Kanwar Bhutani simply loves to talk. Even as he is in the process of dismantling and packing the tasteful decor at his farmhouse in the southern outskirts of Delhi, Bhutani is game for a long chat.
After all, having been in the direct selling business for almost 20 years, Bhutani knows a thing or two about chatting up housewives to help them sell goods ranging from personal care products to plastic containers.
What seems like a planeload of furniture, paintings, antiques and crystalware are headed for Orlando, Florida, where Bhutani has recently shifted to as the president of the (fast moving consumer goods) FMCG-direct selling firm Tupperware's US operations.
Bhutani's elevation, from being the managing director of the company's Indian arm for the last three years, makes the 40-year-old the latest entrant to the ever expanding list of global Indian CEOs.
The US is the home base for the $1.1 billion Tupperware, and its second largest market after Germany. "It is certainly a recognition of my work in India, but the challenges are greater in the US," says Bhutani.
His association with Tupperware since 1994 and his track record of doubling sales in India from Rs 50 crore to Rs 100 crore in three years, seem to have convinced Bhutani's bosses to let him do the rescue act.
In India, Bhutani was instrumental in not just increasing sales but also expanding the reach and visibility of Tupperware.
The company now has a presence in 48 cities in the country through a network of 55,000 housewives as its agents. The company has a manufacturing base in India and the sales here are greater than in China.
Bhutani left India when he was two as his father's job with the United Nations took him to Ethiopia. And then to Britain and the US where he studied computer science at the New York University.
After finishing his course, he joined the direct selling firm Avon to work on its marketing systems and product forecasting.
He shifted to Tupperware in 1994 as its director for market intelligence. "Given my maths background I was good at the number crunching job I was doing.
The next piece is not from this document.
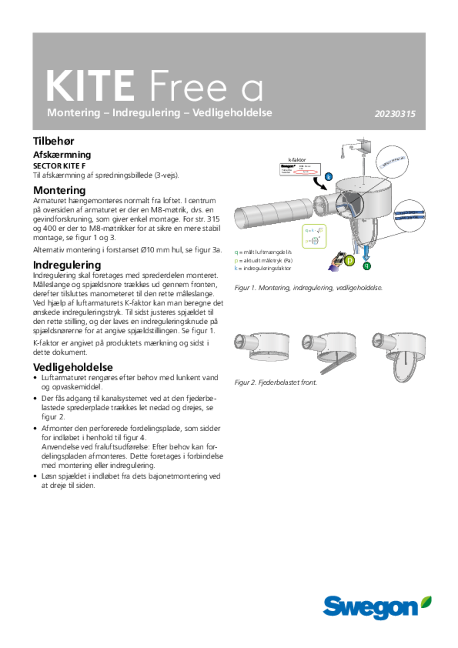 - Fordelingsplade kan efter behov afmonteres ved fraluftsystemer, dette klares let i forbindelse med * montering/indregulering

But I felt I was better at people skills and so I decided to go out to the market," he explains.
In 1996, when Bhutani was asked to head Tupperware's floundering operations in western US, a distributor balked at him asking whether an Indian with a towel around his head could lead people.
"It made me more determined, and I silenced such people by taking my zone to the top of the sales charts for three consecutive years," he says.
Now he is back in the US, ready for new challenges.